Abstract

This paper introduces W≡W (World Models in Words), an evaluation framework for auditing language-expressed physical commitments of Vision-Language Models (VLMs). Rather than scoring only I,q → a (input, question to answer), the framework asks models to produce a typed trace: I,q → (s₀, Δs, s₁, a) representing initial state, state transition, resulting state, and answer. A hybrid verifier checks schema validity, state grounding, transition consistency, and answer-trace compatibility. The key finding: 35% of correct answers from mid-tier models are backed by physically invalid traces, revealing failures that answer-only evaluation misses.

Key Contributions

- Typed trace evaluation: Instead of scoring only final answers, requires VLMs to produce explicit physical state transitions

  • Hybrid verifier: Checks schema validity, state grounding, transition consistency, and answer-trace compatibility
  • TraceBank dataset: Controlled trace resource with schema-validated synthetic scenarios across multiple physics families, contrastive preference pairs, and model outputs
  • Recovery via reranking: Verifier-guided reranking recovers up to 7 percentage points of trace validity without sacrificing answer accuracy

    Method Details

    The framework requires VLMs to produce a typed trace with four components:

  • 1. s₀: Initial physical state 2. Δs: State transition (the physical change) 3. s₁: Resulting physical state 4. a: Final answer

    A hybrid verifier then checks:

  • Schema validity (trace is well-formed)
  • State grounding (states match the visual input)
  • Transition consistency (Δs is physically plausible)
  • Answer-trace compatibility (answer follows from the trace)
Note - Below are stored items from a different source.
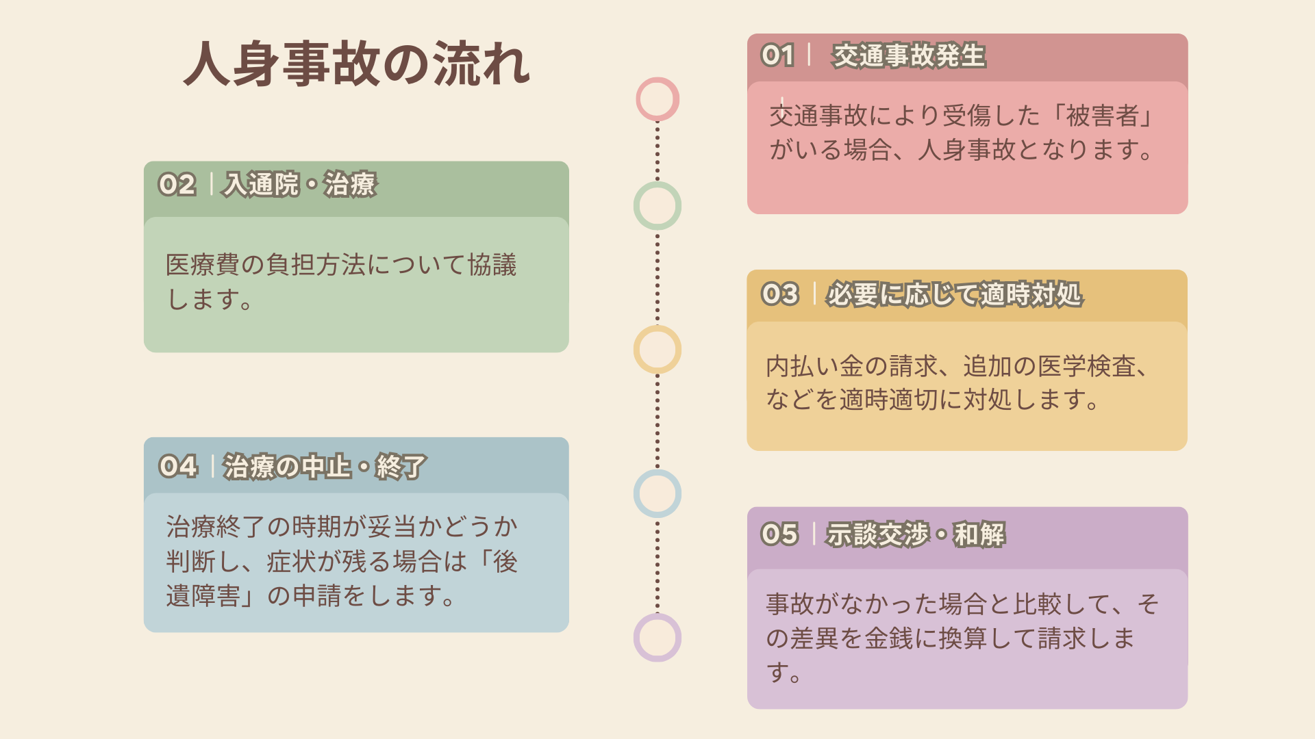 このページでは「事故発生から解決までの流れ」を被害者視点人身事故と物孫事故に分けて説明いたします。
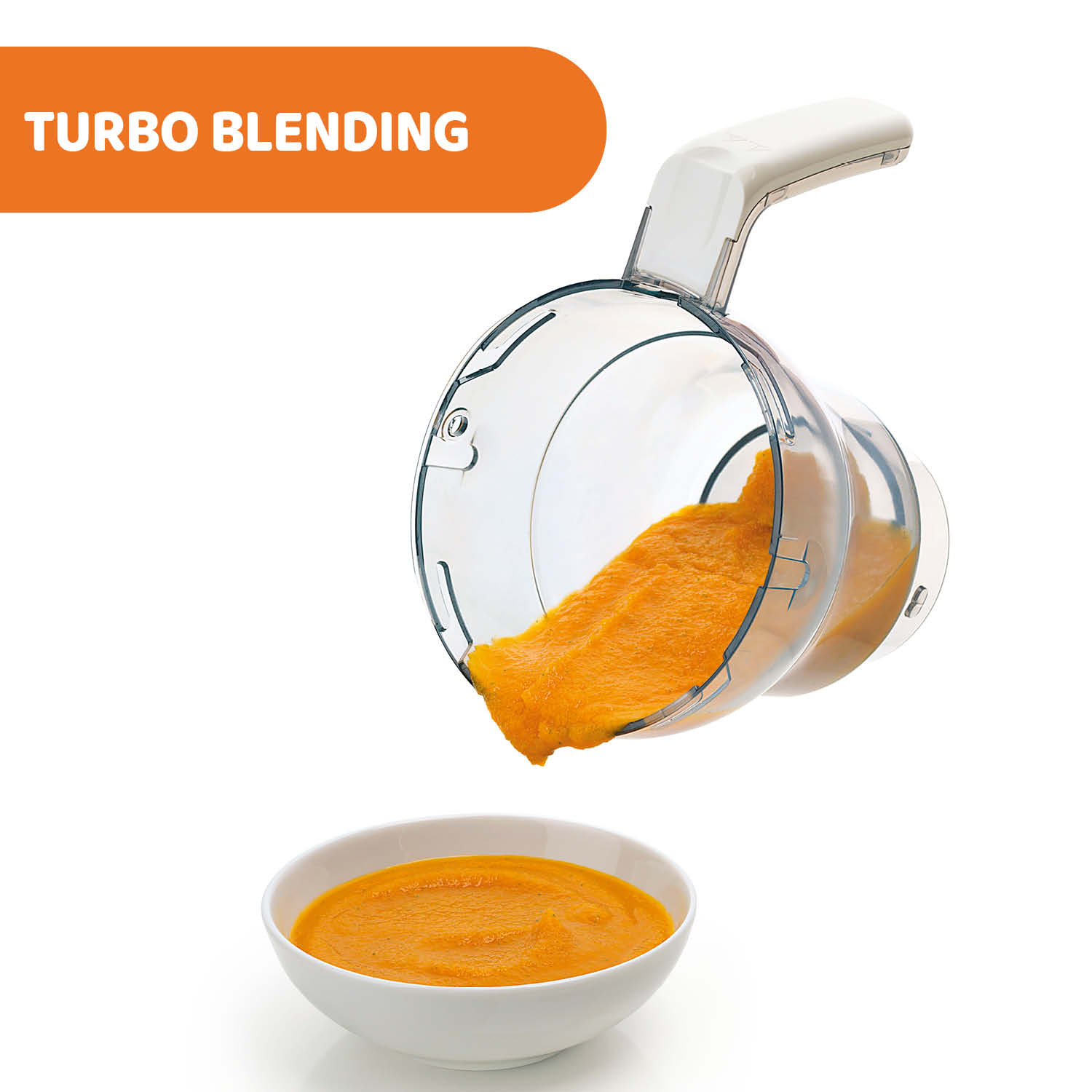 Maturinn er gufusoðinn í vélinni þannig varðveitast betur næringarefni. Vökvinn sem er notaður til gufusuðu safnast í botni vélarinar og hægt að nota hann til að þynna út maukið. Auðvelt er að hella beint úr skálinni sem maturinn er gufusoðinn í þegar á að mauka matinn.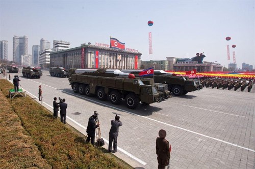 Tên lửa Triều Tiên trong cuộc diễu binh tại Bình Nhưỡng. Ảnh: abcnews.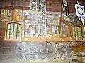 Interiér zdobí malované obrazy na stěnách a také ikony malované na skle a dřevě. Mezi nejstarší patří ikona z 15. století, která představuje Jana Křtitele. Malba se skládá ze scén, které jsou oddělené barevnými pruhy. Figurky jsou kresleny tak, aby byly viditelné téměř jako v náhledech rukopisů, jimiž byl malíř inspirován. Převládá ve světlých, jasných, čistých a harmonizovaných barvách. Výmalba proběhla ve dvou etapách a byla provedena dvěma autory.[5] Interiér babince a lodi zdobí malby Alexandra Ponehalschého z roku 1762.[3] Na západní a jižní stěně babince jsou výjevy ze života Ježíše Krista. V lodi se dochovaly výjevy ze Starého zákona jako např. prorok Eliáš, výjevy z Ráje. Ponehalschi je rovněž autorem ikonostasu a dalších ikon.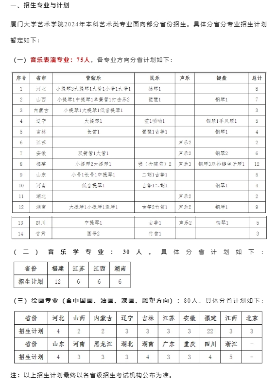 厦门大学2024年音乐类本科招生简章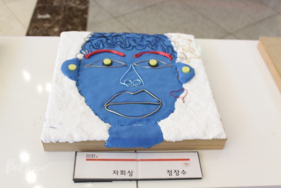 ![]() ▲부천 해밀도서관의 성인 시각장애인들과 대구 광명학교의 시각장애인 어린이들이 점토의 일종인 클레이를 이용해 자신의 얼굴을 캐리커처로 제작한 작품도 전시되어 있다. |
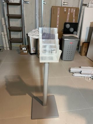 Se venden dos expositores de carteles. Son de color plata y están en buen estado. - Medidas A4. - Material: metal. - Soporte de pie. Solo un mes de uso.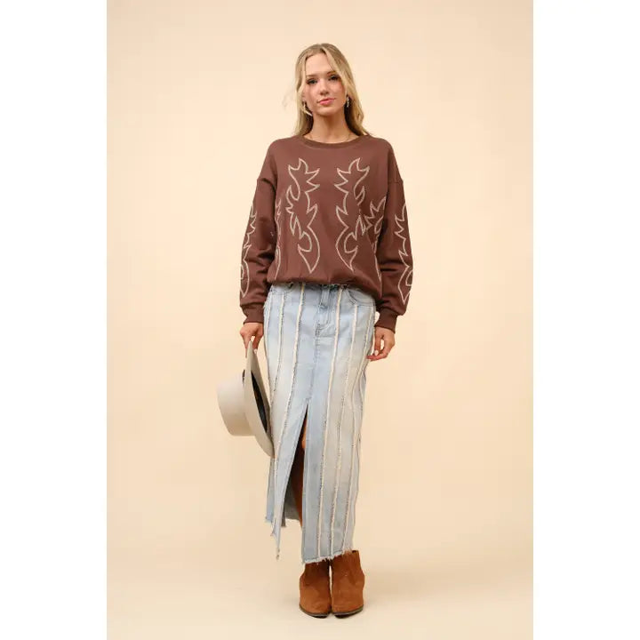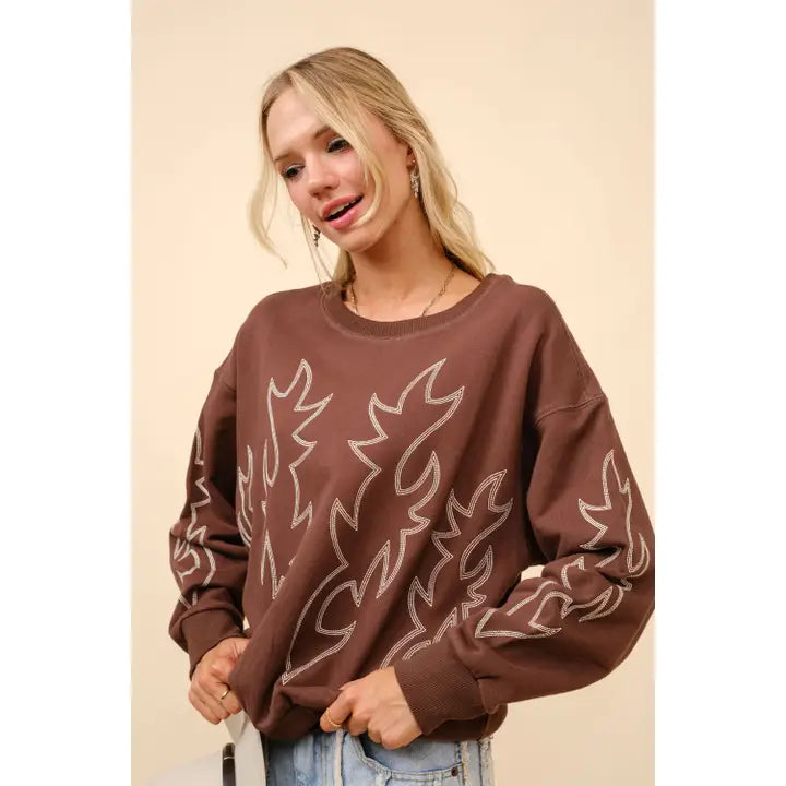 Add a touch of Western charm to your casual look with this cozy pullover sweatshirt. Featuring a unique Western boots stitch design, it’s the perfect mix of comfort and style. The soft fabric keeps you warm and relaxed, while the cool boot detailing adds a fun, rustic twist to your everyday outfit. Whether you're lounging at home or out running errands, this sweatshirt gives you a laid-back, stylish vibe that’s sure to turn heads. It's the ultimate blend of cozy and chic with just the right amount of cowboy flair!
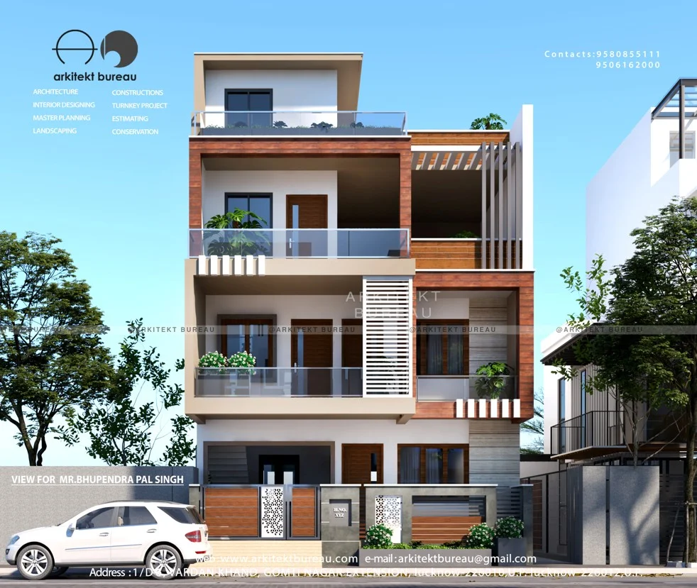 Modern three-storey residential building by Arkitekt Bureau. This contemporary home design showcases a sophisticated façade with warm wood, contrasting white elements, and strategic glass balconies. The detailed elevation includes stylish railings and a secure compound — ideal for luxury urban living.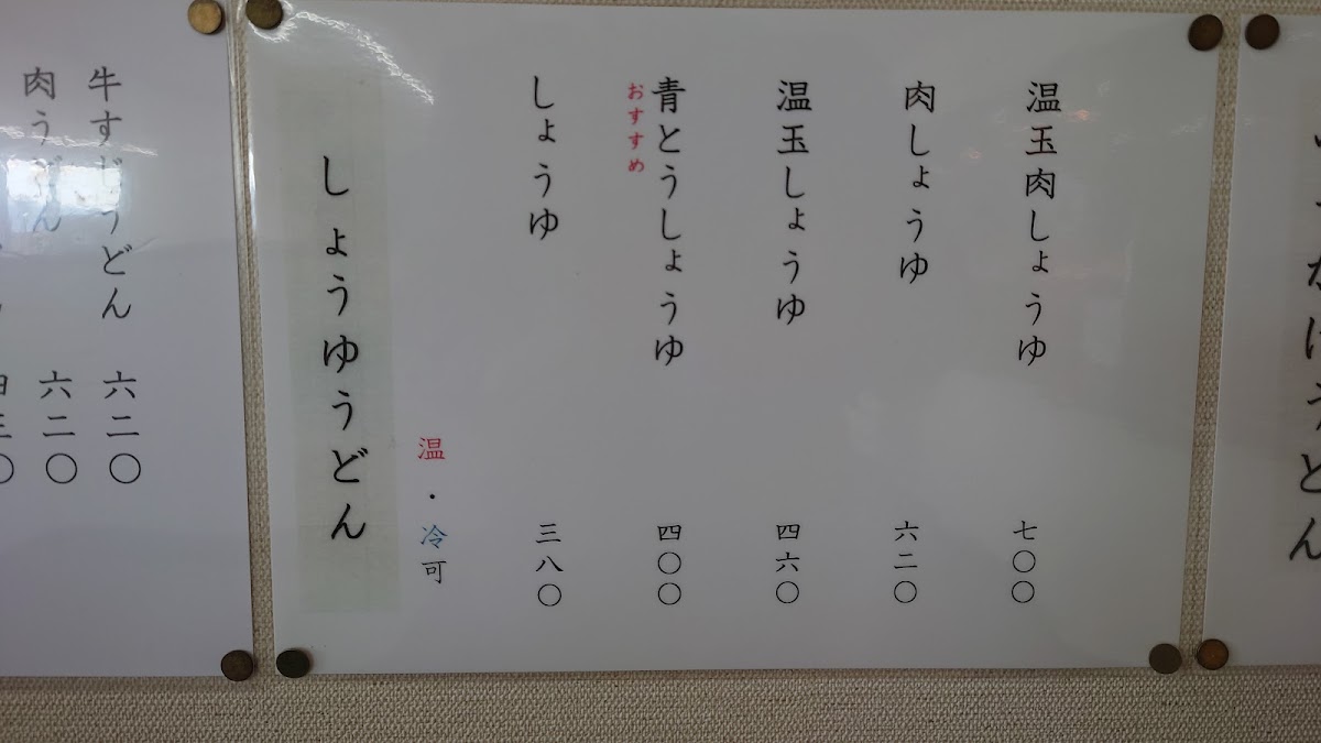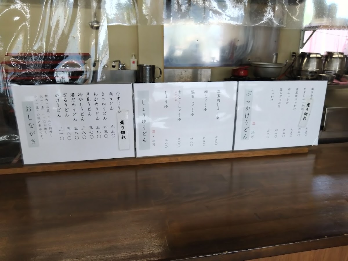 “ お盆(8/12)の13時ごろ伺いました。レジまで15名ほど行列ができており、目の前の方で肉うどんと牛すじうどんの具が売り切れ、肉系は終了と案内がありました。 私は青とうしょうゆうどん(冷やし)+温玉トッピングをオーダー。アスパラガス(さぬきのめざめ)の天ぷらはとても長い!150円で食べられるなんて嬉しい。 天ぷら類もどんどん揚げてくださってはいましたが売り切れが多かったです。大人気店! 私の後ろの方でぶっかけの出汁が切れたようでした。やはり早めの来店が良いですね! 天かす・ネギ・大根おろし・チューブのしょうがとわさびは自由にかけるスタイル。 子供用スプーンとフォークも置いてありました。 コシがあってとてもおいしいうどんでした。 辛いのはそこまで得意ではありませんが温玉で少しまろやかになり、クセになる辛さで美味しく食べられました。 アスパラ天もまだあたたかく、ジューシーで美味しかった!! かけうどん(温)とアジフライを頼んだ子供も、あまりのおいしさに無言でモリモリたべていました!笑 6人のお座敷3と、4人掛けテーブルがいくつか。1人で訪れている方や仕事の休憩中のサラリーマンさんも多く来ておられ回転は早いです。 たまたまかもしれませんが、店内とても暑くて、青とううどんを食べたこともあり汗だくでした!笑 駐車場も常時満車で待ち状態でしたので小さいお子さんいらっしゃる方は特に注意した方が良いです。ひかれそうになっている子がいてヒヤリ。 美味しかったのでまた行きたいです。 ”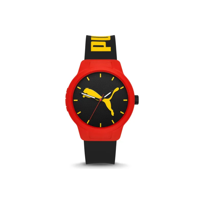 PUMA Мужские часы Кварцевый механизм Резиновый ремешок 43 мм Черный циферблат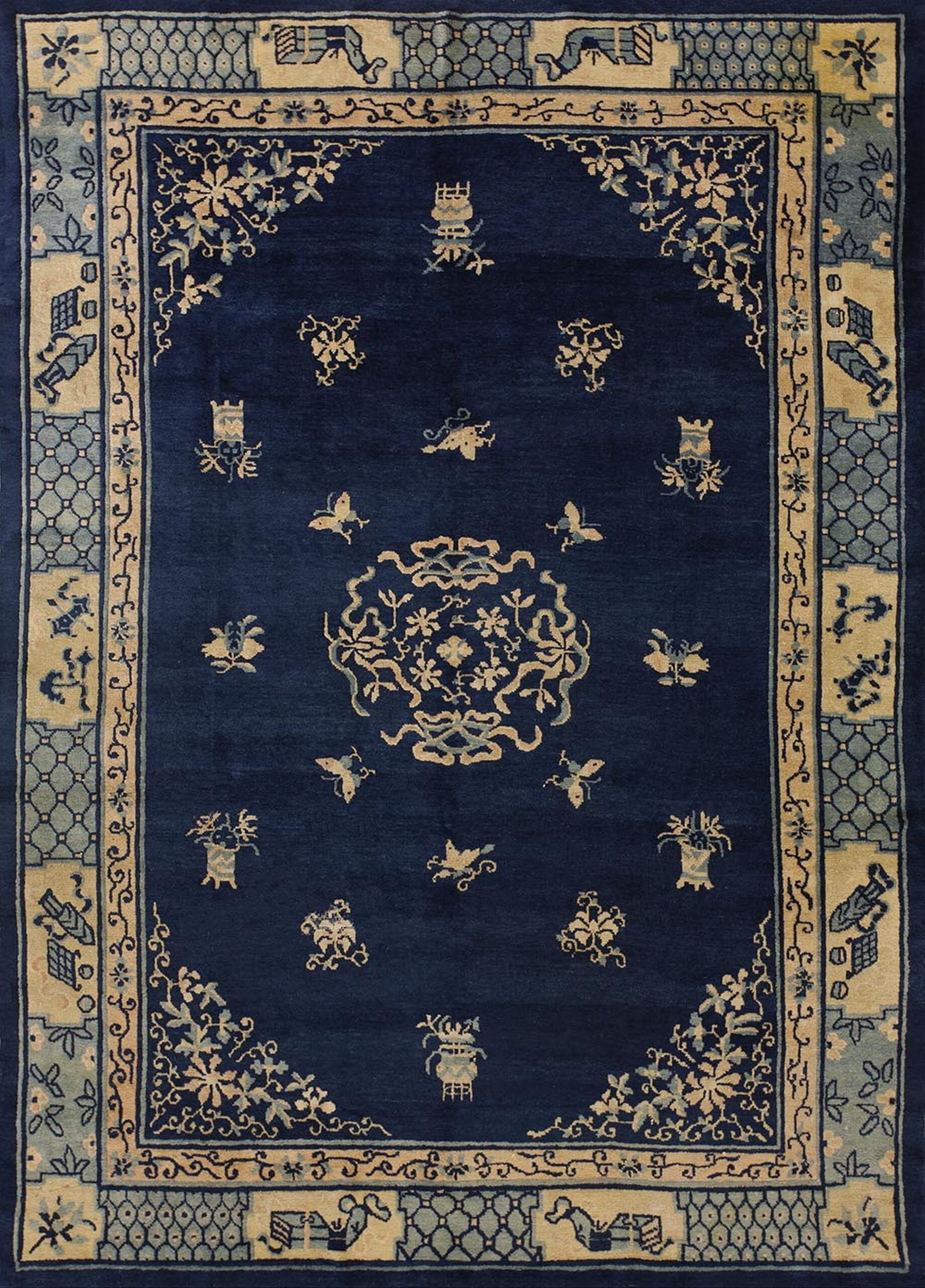 The design features an open field centered around a delicate, curvilinear medallion, surrounded by scattered auspicious symbols, including vases and butterflies. The main border utilizes geometric patterns alternating with cartouches containing traditional Chinese emblems, demonstrating meticulous craftsmanship and balance.

    The verifier produces typed error labels: object, relation, force, transition, temporal, unit/scale, and faithfulness errors.

    Key Results

    - 35% of correct answers from mid-tier models are backed by physically invalid traces

  • 7 percentage points of trace validity can be recovered via verifier-guided reranking without sacrificing answer accuracy
  • 41% relative reduction in hidden inconsistency via trace-level preference tuning
  • Evaluated multiple VLMs on controlled and external physical-reasoning examples

    Limitations and Future Work

    - The framework depends on verifier quality and may have its own biases

  • TraceBank uses synthetic scenarios which may not fully capture real-world complexity
  • Future work could extend to more complex physical phenomena and multi-step reasoning chains

    Relevance to Patrick's Research

    This work provides a critical evaluation framework for VLMs that claim world model capabilities. The key insight that correct answers often mask incorrect physical reasoning is directly relevant to assessing whether VLMs truly build world models or just pattern-match to right answers. The framework offers a more rigorous way to audit physical understanding beyond benchmark accuracy scores.